Türkiye’de mücadele yürüten siyasal örgütler­den, meslek örgütlerine, partilerden, sendikacılardan çok sayıda kişinin yoğun ilgi gösterdiği etkinlikte Uruguay’lı yoldaşlarımız “Siz yoldaşlar burada tarih yazıyorsunuz. Bu tarihi birlikte yazmanın yollarını bulmamız gerekiyor. Bilin ki beraberiz, bilin ki müt­tefikiz.” mesajı verdi.

Mujica ve beraberindeki heyet yarın Cumartesi Anneleri oturma eylemine katılacak. 10 gün boyunca ülkemizde olacak Mujica’nın İstanbul’un ardına Es­kişehir ve İzmir’de de etkinliklere katılacağı açıklan­dı.

İşçi Hakkı İhlali Olmayan Tek Ülke: Uruguay

Mücadelede ölümsüzleşenler içi saygı duruşu­nun ardından DİSK Genel Başkanı Kani Beko etkin­liğe katılanları ve konukları Türkçe ve İspanyolca se­lamladı. “10 Ekim’de Ankara’da kaybettiğimiz barış güvercinlerimizi saygıyla anıyoruz.
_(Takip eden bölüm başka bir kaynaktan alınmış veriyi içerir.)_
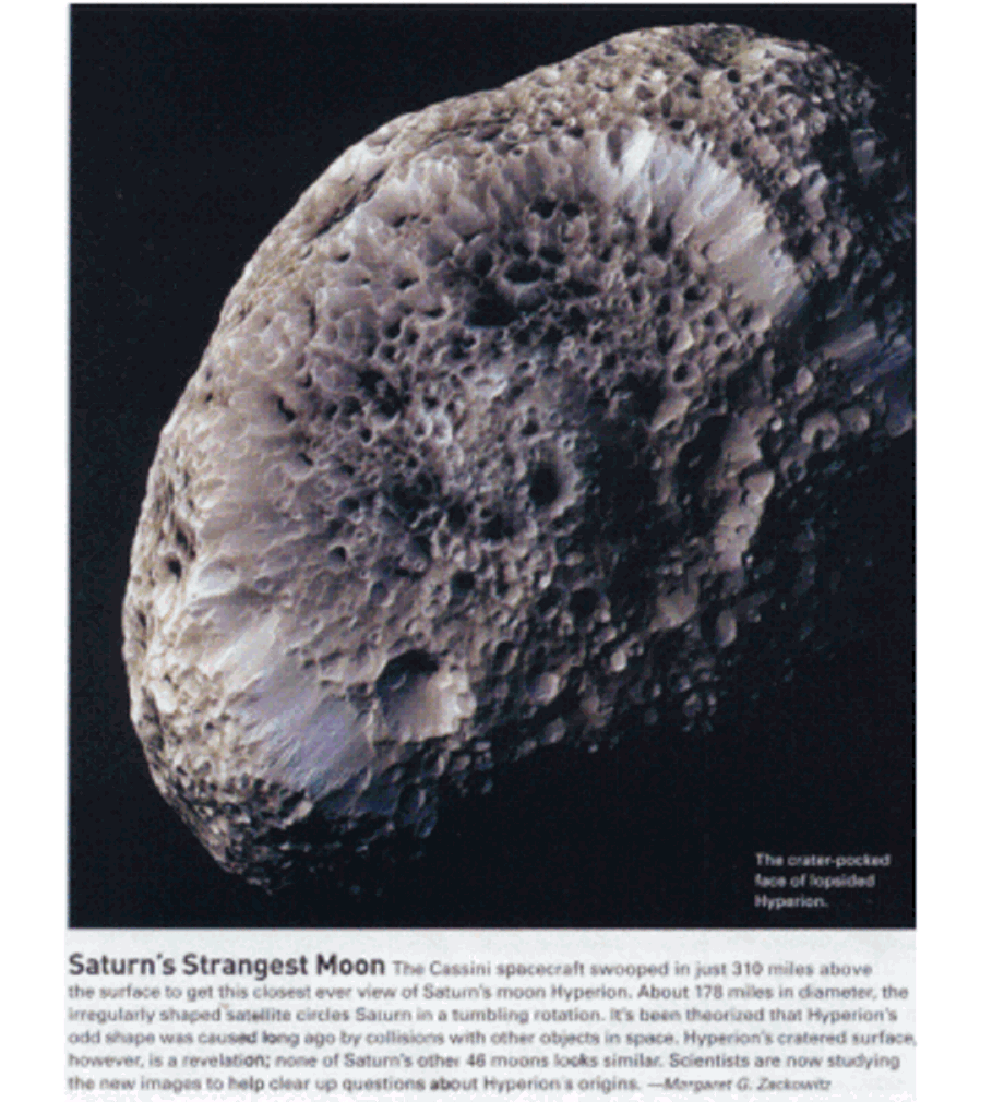What a remarkable story the National Geographic April 06, Cassini spacecraft picture of Hyperion tells.

Onlara barış ve demokrasi borcumuz var” diyen Beko, 40. gününde Kobane’de ölümsüzleşen Genç Sen Üyesi Aziz Gü­ler’i de andı.

DİSK’in ITUC üyesi olduğunu belirterek ITUC’un iş hakları ihlali raporunda Türkiye’nin en çok hak gaspı yapan ülkeler arasında olduğunu ha­tırlattı. Beko, “Son yıllarda hiçbir işçi hakkı ihla­li olmayan tek ülke var: Uruguay.” diyerek sendika başkanı ve Mujica’ya teşekkürlerini iletti. 70 yıldır özlem ve hayranlıkla devrimci hareketi takip ettikle­rini söyleyen Beko, Mujica’nın mütavazi yaşantısının da saraylarda yaşayanlara örnek olması temennisinde bulundu.
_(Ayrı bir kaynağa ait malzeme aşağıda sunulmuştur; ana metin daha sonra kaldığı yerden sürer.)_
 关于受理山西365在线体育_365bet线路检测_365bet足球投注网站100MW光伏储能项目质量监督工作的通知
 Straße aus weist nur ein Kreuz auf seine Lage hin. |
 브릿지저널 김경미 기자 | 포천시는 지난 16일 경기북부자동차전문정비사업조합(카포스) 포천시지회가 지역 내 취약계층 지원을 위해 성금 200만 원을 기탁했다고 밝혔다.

“Yoksul ile zengin arasındaki adaletsizliğe son vermeyi amaçlayan bu hareketi selamlıyoruz” diyen Beko, 1 Kasım’da herkesi emekten, barıştan ve de­mokrasiden yana partilere oy vermeye çağırdı.

Eşitlik ve özgürlüğün vazgeçilmez olduğu bir Türkiye özlemi duyduğunu belirten Beko, konuş­masını Nazım Hikmet’in “Ölmekten korkmuyorum / Onuruma yediremiyorum zamansız ölmeyi/ en sevdi­ğim memleket yeryüzüdür/ Sıram gelince yeryüzüyle örtün beni” dizeleri ile noktaladı.
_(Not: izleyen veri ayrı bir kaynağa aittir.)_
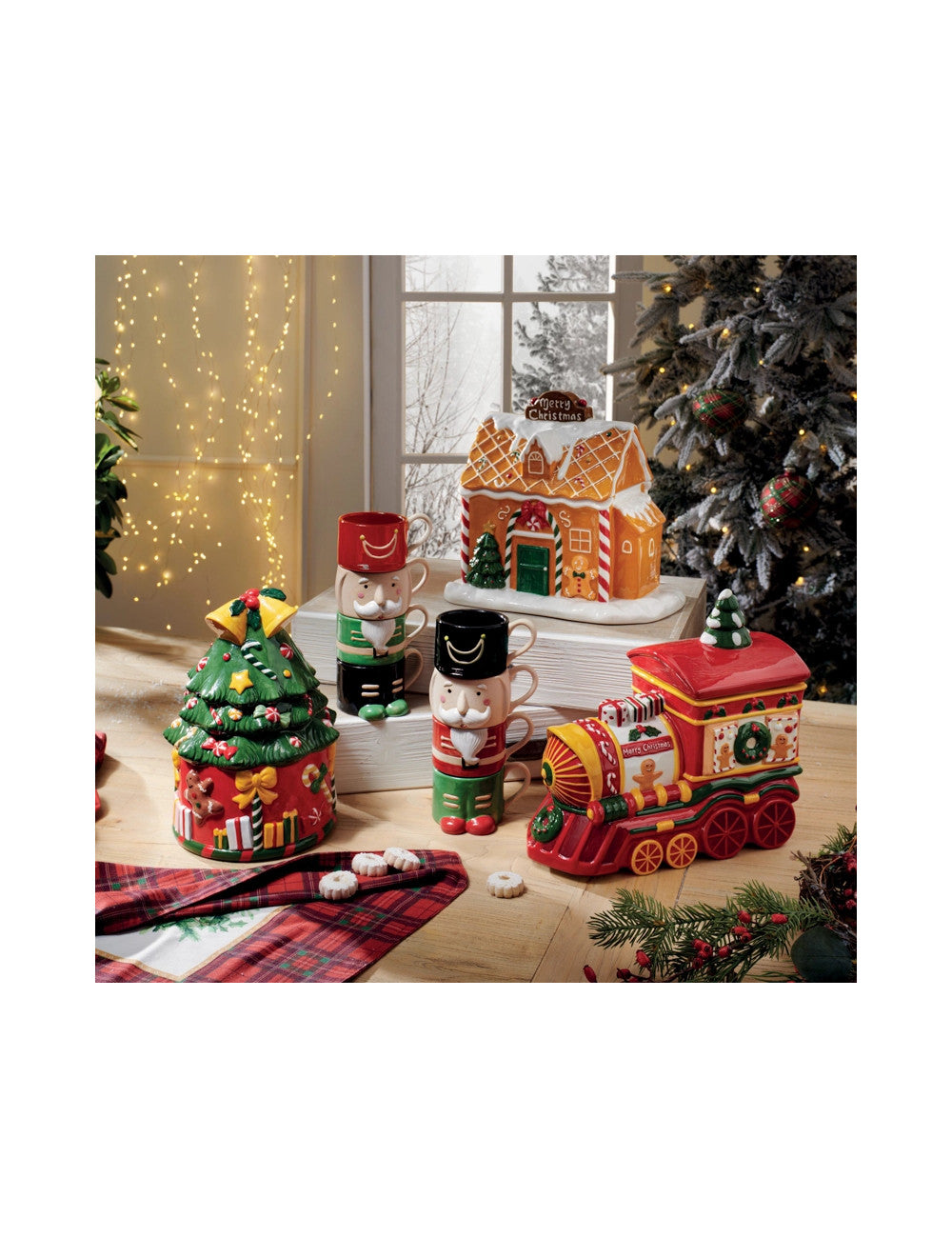 Set di quattro pezzi da riporre comodamente uno sopra l'altro fino a formare un simpatico e benevolo soldatino! Un modo per incontrarsi a tavola, condividendo la serenità di chi, alla magia del Natale, ci crede ancora.

Arzu Çerkezoğlu da Uruguay ve Türkiye ara­sındaki benzerliklere dikkat çekerek, askeri darbe süreçleri ve sendikaların kapatılması ardından her şeye karşın devam eden ve yükselen mücadele vurgu­su yaptı. Türkiye’de de direnişin Uruguay’daki gibi

 

bir başkan çıkartabileceği umudunu taşıdığını belir­ten Çerkezoğlu sözü “kendisine sayın denilmesinden hoşlanmayan sevgili Pepe’ye” Uruguay Eski Devlet Başkanı Jose Muica’ya bıraktı.

“Yoldaşlar…”

Jose Mujica konuşmasına ülkesinin geçirdiği ta­rihsel süreci özetleyerek başladı:

“Yoldaşlar, biliyorum Latin Amerika buradan epey uzak. Biliyorum Ortadoğu olarak batı mede­niyetinden epey uzakta şekillendiniz. Uruguay da sömürgecilik döneminde batının başka bir ucunda şekillenmişti. Bu şekillenme sürecinde, batının sö­mürgeleştirme sürecinde pek çok yerli halk tamamen yok oldu. Benim küçük ülkem bütün bu sömürgeci­liğe karşı verilen bağımsızlık savaşlarında oluştu. Kapitalizmin tarihinde Latin Amerika’da piyasaların oluşması, aynı zamanda sömürgeciliğe karşı bağım­sızlık hareketlerinin oluşması çok özgün bir süreçtir.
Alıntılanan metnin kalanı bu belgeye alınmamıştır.